Comments (12)
hmmm, been modding expatbuilder and seems to have worked. a decent parseString could be coming, quite soon. can you feel the excitement?.
from domonic.
some links...
https://www.tutorialspoint.com/python3/python_xml_processing.htm
https://www.computerhope.com/unix/pylibml.htm
from domonic.
this looks exciting...
https://github.com/byteface/html5-parser/blob/master/src/html5_parser/dom.py
given what i just did with expat. may be able to mod that to generate domonic from huge sites?
from domonic.
I managed to mod the file. easier that I thought...
so that appears to work. even with lots of websites. It seems to build trees with domonic.
import requests
from html5_parser import parse
sites = [] # add webpages here
for SITE in sites:
try:
r = requests.get("https://"+SITE)
some_html = r.content.decode("utf-8")
root = html5_parser.parse(some_html, treebuilder='dom')#, return_root=False)
print(root)
# print(type(root)) # a domonic Document
# print([str(el) for el in root.getElementsByTagName("a")])
# print(page)
except Exception as e:
print('Failed to dl page', e)
from domonic.
So the options are to patch that file after each install. or
pip install git+https://path to my patched version
i need to figure out that path and test. again. But very promising. It's so fast.
from domonic.
https://html5-parser.readthedocs.io/en/latest/
from domonic.
It is a cool toolkit, but is there a way to quick transcript html page to python code?
from domonic.
Hi @ipfans , thanks for feedback.
There is Not yet a perfect way as I originally only set out to generate html. But it IS on the roadmap.

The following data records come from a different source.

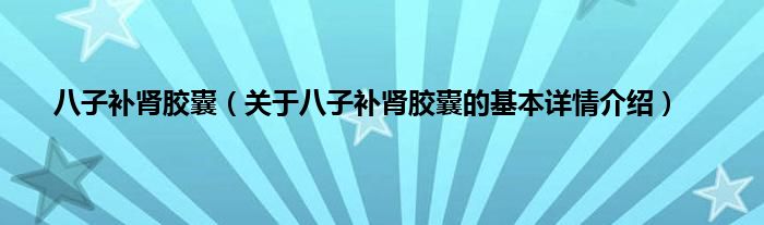 本文关于八子补肾胶囊的基本详情介绍就讲解完毕,希望对大家有所帮助。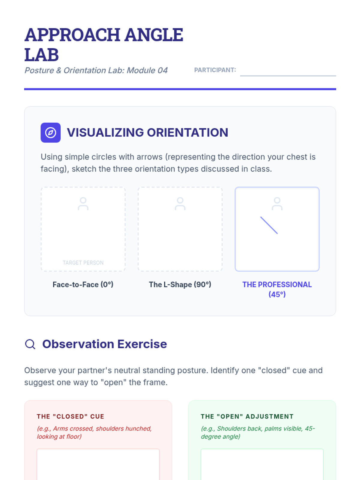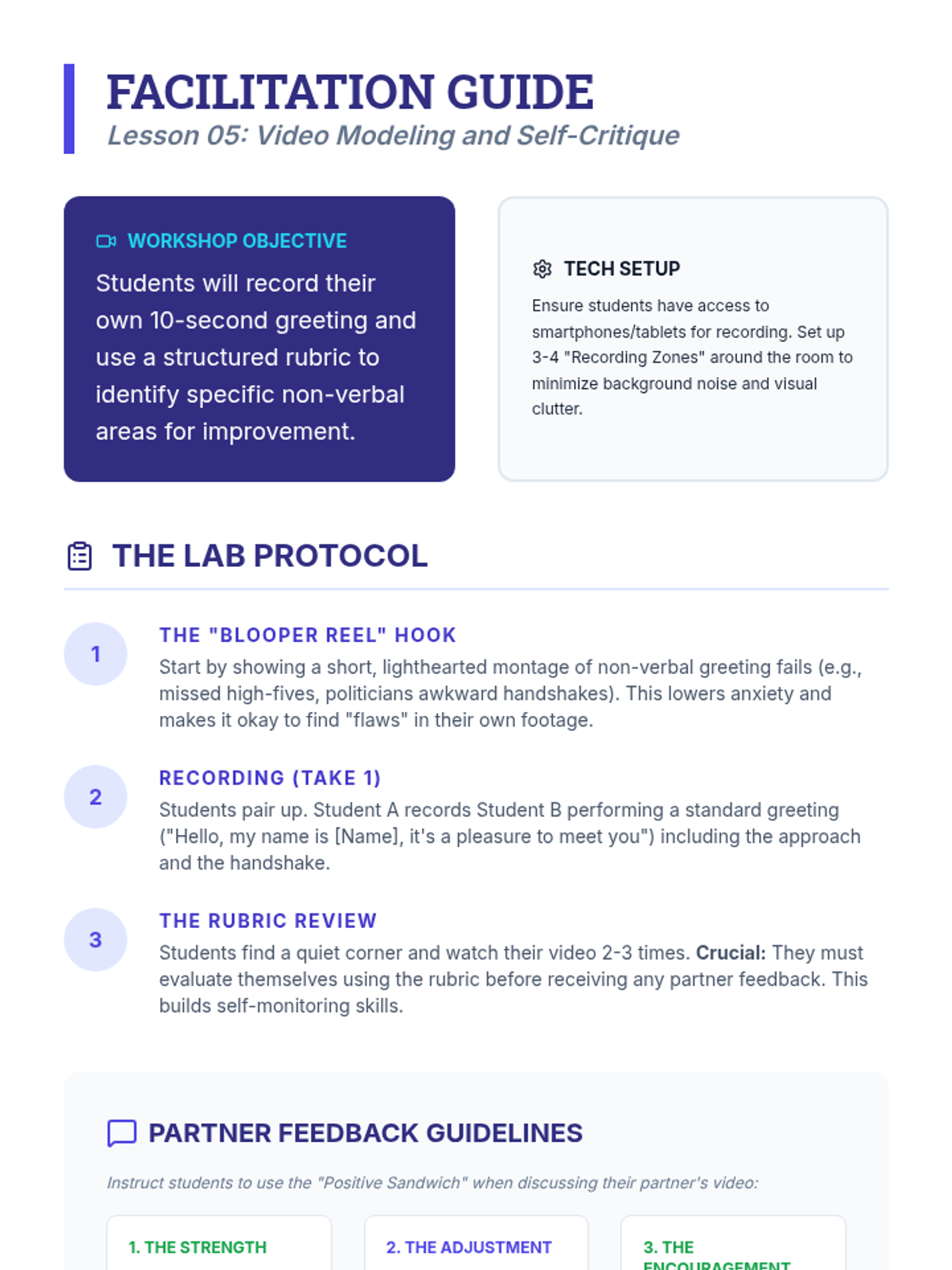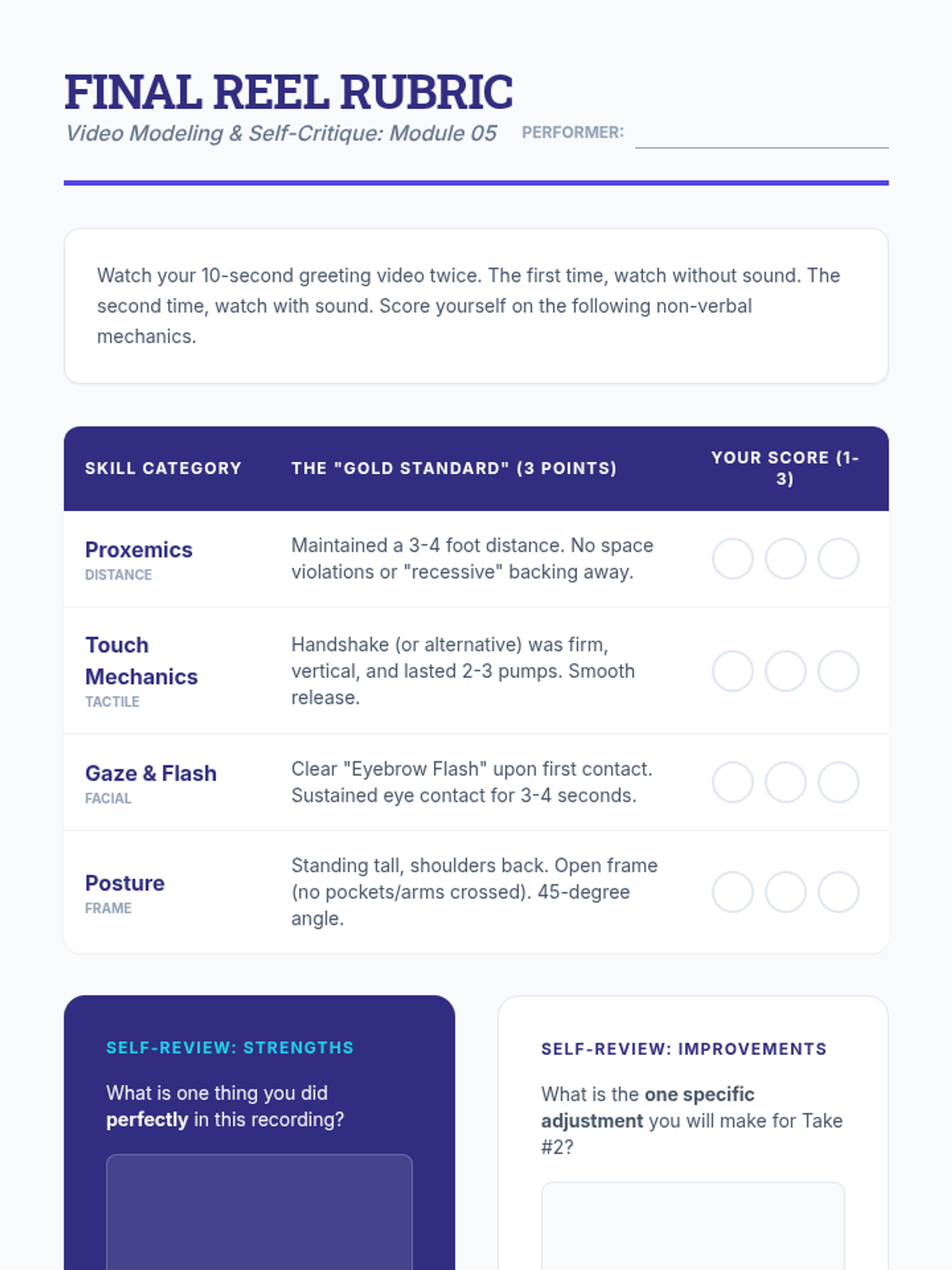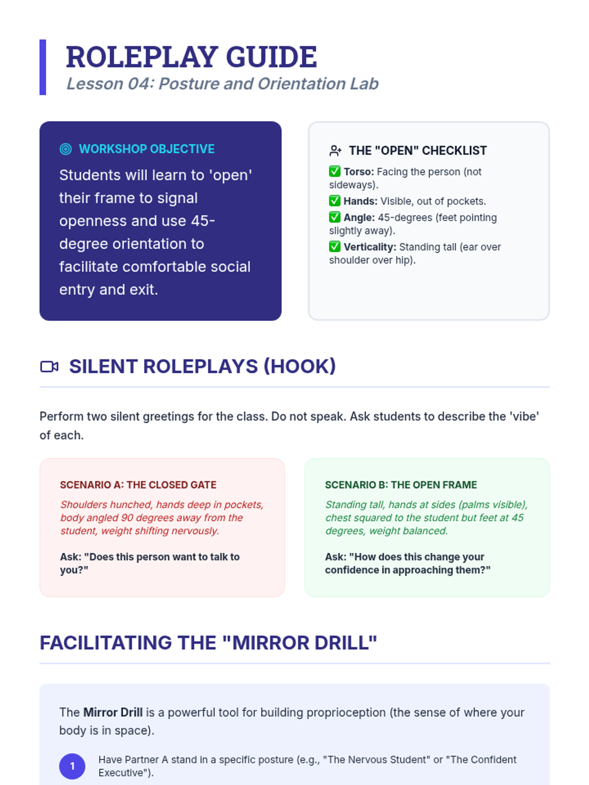 A comprehensive workshop-style sequence for undergraduate students focusing on the non-verbal mechanics of greetings. This unit covers proxemics, tactile interaction, eye contact, and postural orientation through simulations and video feedback.
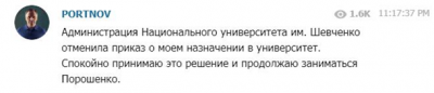 "Администрация Национального университета им. Шевченко отменила приказ о моем назначении в университет. Спокойно принимаю это решение и продолжаю заниматься Порошенко", - сообщил в своем Telegram-канале Портнов вечером 20 июня.
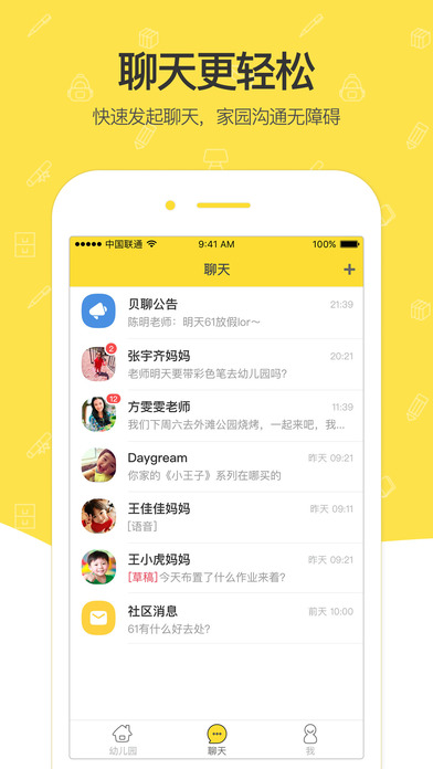 贝聊是免费的家园共育平台,可免费发送视频、图片和文字等信息,并提供单人和多人在线聊天,可以方便学校幼儿园、教师和家长进行沟通。贝聊针对幼儿园的特性,加强了封闭性,保证孩子的信息安全存储。同时,特有的超大批量图片上传和双方通知提醒功能,让老师和家长的沟通更简单;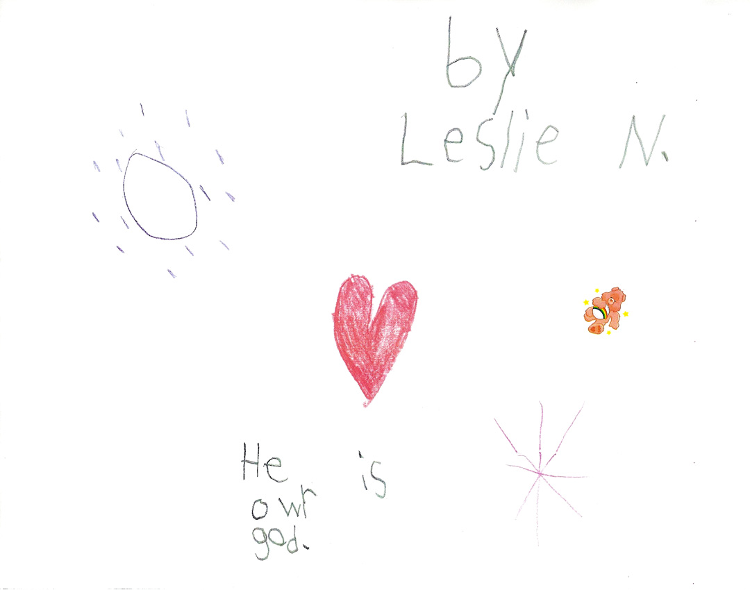 These pictures look like nothing that Leslie had ever drawn before. Her typical drawings had included flowers, trees, pets, houses and people similar to what you would expect from a 7-year old. These are significantly different with the star, heart and circle element surrounded by dots on almost every picture. It is quite evident to us that these powerful messages came to Leslie directly from the Lord.

Some more complete parsers for html/python will hopefully be ready by v1. Which I'd love to get done within 12 months.
We can already get about 75% or more of the way. (but is dangerous and uses eval)
see codemirror.py in this folder...
i.e
https://github.com/byteface/domonic/tree/master/examples/parsing
or via the command line util...
python3 -m domonic -d http://eventual.technology
Also all tags recently had a __pyml__()
secret function added but it may not recurse and is not fully tested. so not documented.
so if you do:
mydom.__pyml__()
it might work. If you have an existing dom. A precursory option was added to the renderer.
render(root, 'test.pyml', 'pyml')
However for this to work we need a dom already parsed.
As people know who use minidom (some may be coming here) . It can only parse very very strict XML not html. So it seems to work sometimes but very easily doesn't. Hence domonic parsers failing as it leverages the same. Usually failing due to content not node structure. Often the default parsers work fine for html strings without content for example.
I then tried to get around this with a simple parser myself. But found I wanted to keep expanding on it and that is at the heart of domonic. an unfinished regex, in-place html to python converter.
However it still has errors and the main issue is python wants keyword args last. Therefor you have to not only parse but swap around the nodes to put 'content' before _classes for example. (the only real crux of learning domonic)
Anyway during investigation I found several ways to parse. python has a builtin html parser too. But you have to use it like a lexer and I've not gotten round to it yet. There's also PEG parsers and some offshelf ones. I found also a html5 c++ one referenced above. So my long term goal would be to have a default good one out of the box, with options of picking some others.
for now. if you are brave domonic __init__
class has a host of methods that are trying to work towards this aim.
After the inital regex parse which does syntax only. It then then passes through a series of self iterating failures to try and fix syntax issues and swap the parameters to the order python expects them. This currently uses eval to check the line is valid. So therefore is dangerous. Hence not documented.
By using these tools you can get 75% of the way there for some huge files and manual modify and edit them to work. By rendering them then fixing the syntax issues pointed out when trying to compile. (there's a guide on the readme for common errors that can help speed this up).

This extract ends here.